Management consulting is to a large extent about how employees should behave so that they can get more money out of the customer. I do not think this is extremely controversial. But it does not really move society forward. But the same would apply for advertisement as a whole.

Of course, personally, I can emphasize with the choice, but at a society level is this perhaps unsuitable. Consultants would surely object that that this isn’t such a massive part of their jobs and that some of their advice removes pure inefficiencies in the clients’ processes. That is true, but that brings me onto the second point.

2. What consultants do, they do not do as well as they say.
Stanford and Accenture once decided that they will run a randomized controlled trial to figure out how consultants fare when we look at the firms where they have been randomly assigned and firms where no fancily dressed person has been sent. The results are at best neutral and at worst slightly negative for consulting:  consultants do pay for their own fees, but if we take into consideration the fact that the whole experiment was conducted in India, where resources and machines were literally lying around idle.

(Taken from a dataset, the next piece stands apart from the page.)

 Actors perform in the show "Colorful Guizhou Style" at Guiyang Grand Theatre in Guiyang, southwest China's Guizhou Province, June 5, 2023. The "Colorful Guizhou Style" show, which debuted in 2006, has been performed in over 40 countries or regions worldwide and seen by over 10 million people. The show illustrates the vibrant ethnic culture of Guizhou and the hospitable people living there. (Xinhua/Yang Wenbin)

Also, the fact that Accenture was doing its own reviews in this particular case, then it does not sound all that great for consulting. [3] Purposefully, I cite an article that is more positive towards consultants and interprets the results somewhat differently.

One additional reason why I am somewhat skeptical about consultants is simple: in the UK, there is a substantial tradition of people who studied history or philosophy so that they eventually become consultants. Of course, these are frequently intelligent people, but the “interpretation” and “analysis” that they were taught at school is substantially different. (Something that Nassim N. Taleb would call “domain dependence.”) This argument, however, could last ages, because critics would cry “transferrable skills” and I would object that I’ve never read a (decent) study that would support their existence.

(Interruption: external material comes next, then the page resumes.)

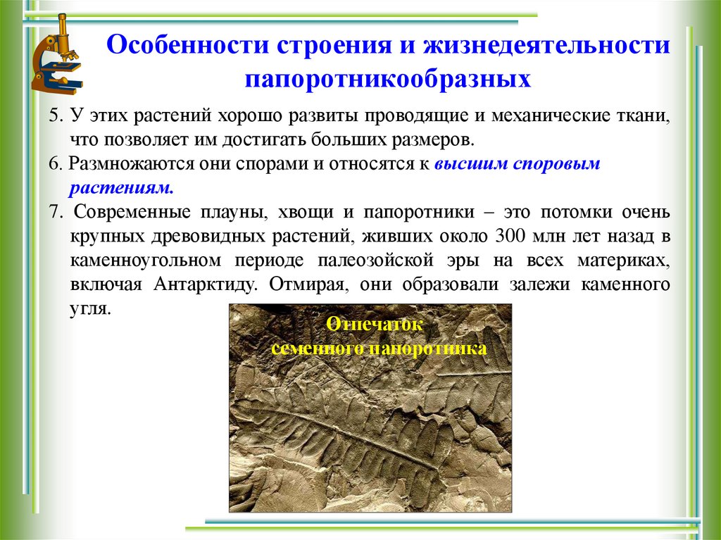 7. Современные плауны, хвощи и папоротники – это потомки очень

But the two main datasets against management consulting come from politics: the author of the first one is Philip Tetlock, who in his book shows that human predictions and estimations in politics are actually worse than long-run averages (In cases such as what is the probability that a revolution will emerge from some protest—his evidence shows that it would be better to just calculate how often has it has happened and has not in similar cases and divide.) and people are no match for the formal models, which are very capable of having some predictive ability even in such erratic environments. [4] And a lot of what consultants do involves some estimation or prediction.

The second dataset comes from the book Rick Perry and His Eggheads, where Sasha Issenberg shows that data-driven campaigns absolutely devastate those that primarily use consultants and other “experts” for decision-making. [5]

So what’s the conclusion? Only one conclusion seems clear to me: it is a pity that consulting devours so many ambitious people. The rest seems less clear and hence I will leave it up to the reader to decide.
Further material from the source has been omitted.